La IIIème Armée française en Argonne – 3ème période : 20 juin au 8 septembre 1915

Historique de la IIIème Armée

en Argonne

3ème période : 20 juin au 8 septembre 1915

 

Source : Historique de la IIIème Armée en Argonne, 1914-1916 – SHAT

 

Le calme relatif qui a régné du 20 Mai au 19 Juin est suivi d’une période excessivement active. Elle est marquée par de violentes attaques ennemies (20 Juin, 30 Juin, 2 Juillet, 10 et 11 Août, 8 Septembre).

Ce n’est plus la méthode des attaques partielles et incessantes faites principalement avec l’aide des mines et des engins de tranchée par des effectifs réduits.
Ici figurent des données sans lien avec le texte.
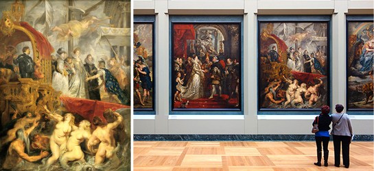 And it is what I think of when I reopen my worn copy of Janson and look at the reproduction of the Disembarkation of Marie De Medici at Marseilles by Peter Paul Rubens, tiny on the page, and think of the room in which it sits at the Louvre. The painting is more than 12 feet tall and surrounded by 23 other giant paintings in a room dedicated to the series. The effect is quite overwhelming. On the page, it is a confused clump of busy mythology; on the wall, it will blow you away.
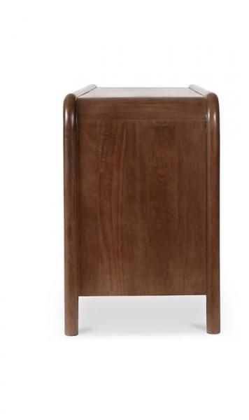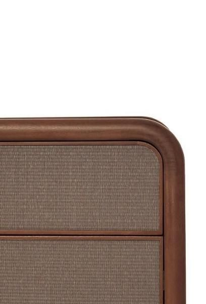 伝統的な張り地のパイピングディテールを独創的に表現した、同系色の織り込まれた柔らかなイグサのフロントは、ライ・ドレッサーのトロピカルウッドの無垢材構造を引き立てながら、質感を高めています。「畳表」として知られるこの天然の稲わらは、何世紀も前から使われている天然素材で、耐久性と吸湿性の高さで知られています。日本に起源を持ちます。

Ce sont de violentes offensives sur des fronts bien délimités, mais importants, avec un déploiement d’artillerie jusque là inusité. L’ennemi semble reconnaître la nécessité de faire agir des moyens nouveaux et puissants. tous les calibres sont employés, du 77 au 305. Le bombardement est d’une intensité effrayante, il se fait sur une grande profondeur. Les batteries sont violemment prises à partie. Enfin l’ennemi fait pour la première fois un large usage d’obus suffocants et lacrymogènes. Les gazs font une grosse impression sur les troupes qui en sentent les effets pour la première fois et qui les croient toxiques ; employés en grande quantités sur les batteries, ils parviennent quelques fois à les obliger à cesser leur tir.

Le 20 Juin, après une violent cannonade, l’ennemi attaque sans succès Bagatelle.

Dès l’aube, violent bombardement de nos positions de part et d’autre de la route de Binarville, 1ère et 2ème lignes, des positions de batteries, des cantonnements en arrière. Nos tranchées complètement bouleversées, l’air rendu irrespirable par les obus suffocants, l’Infanterie ennemie se lance à l’attaque vers 2 heures, l’effort principal à droite et à gauche de la route de Binarville. Elle prend pied en plusieurs points de nos tranchées, mais est arrêtée dans ses progrès par nos contre-attaques. Une importante contre-attaque que nous menons à 17 heures nous remet en possession d’une grande partie du terrain perdu.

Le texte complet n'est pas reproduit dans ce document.